3. Natural Language Processing (NLP) Lab
Faculty: Danish Pruthi
Website: https://danishpruthi.com/
Lab Description: This lab broadly works in the areas of Natural Language Processing (NLP) and Artificial Intelligence (AI). It is almost certain that machine intelligence, and particularly, language technologies will have a large socioeconomic impact. These technologies already touch our lives: from answering questions we ask, curating content we read, (auto)-completing words we are likely to type, translating text from languages we don’t understand, to flagging content we might find harmful. Broadly, we are interested in:
- Detecting AI-generated content, and broadly, curbing unhealthy reliance on AI,
- Measuring and improving geo-cultural representation in AI,
- Evaluating large language models (LLMs), with an emphasis to enable responsible use.
From the outset, the lab is envisioned to be diverse, transparent, friendly and highly collaborative.
Interview topics: Language Modeling, Probability and basics of Machine Learning and Deep Learning.Prior training: Students must have a Bachelors’ or Masters’ degree in Computer Science, Information Technology, Electrical, Electronics and/or Communications or other closely related disciplines.
4. Vision and AI Lab (VAL)
Faculty: R. Venkatesh Babu
Website: http://val.cds.iisc.ac.in
Lab Description: At VAL, we aim to perform world-class research in the broad fields of Computer Vision and Machine Learning, to push the performance limits on different applications, and ensure their reliability in practical settings. Our research and expertise spans across several areas in Deep Learning for Computer Vision as listed below:
i) Representation Learning ii) Domain Adaptation and Generalization iii) Adversarial Attacks and Defenses iv) Self-supervised and unsupervised learning v) 3D Vision/Gaussian Splatting vi) Learning on long-tail data vii) Generative models viii) Multi-modal learning ix) Fairness and Bias.
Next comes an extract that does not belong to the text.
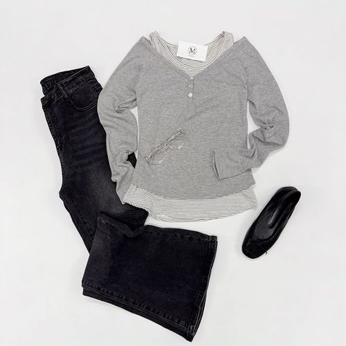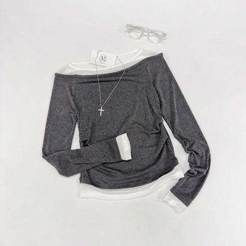 미즈큐즈 / 오프숄더 골지 배색 레이어드 슬림 긴팔티

Interview topics: Linear Algebra, Probability, Machine Learning and Image Processing/Computer Vision (optional)Prior training: Students must have a Bachelor’s or Master’s degree in either Computer Science, Information Technology, Electrical, Electronics and/or Communications or in any other closely related areas.
5. Visual Computing Lab (VCL)
Faculty: Anirban Chakraborty
Website: http://visual-computing.in/
Lab Description: At VCL, we are interested in developing novel computer vision and machine learning algorithms to solve visual analytics problems arising from real-world applications. The majority of our ongoing research projects can be categorized into one of the following three areas – 1. Data-efficient & privacy-preserving deep learning (zero-shot/few-shot knowledge distillation, continual learning, source-free/unsupervised domain adaptation, data-free adversarial defense, federated learning etc.), 2. Learning across modalities/domains (e.g., text-driven 3D scene editing, text-based image retrieval, sketch-guided localization, visual question answering, domain adaptation etc.) and 3. Perceiving humans and their actions (e.g., person-reidentification, anomaly detection, human gait and pose analysis etc.).
Interview topics: Probability and Machine Learning basics. Students are also strongly encouraged to read at least one recent paper from our group (see https://visual-computing.in/publications/) that aligns well with their research interests.Prior training: Students must have a Bachelor’s or Master’s degree in Computer Science, Information Technology, Electrical, Electronics and/or Communications or in any other closely related areas.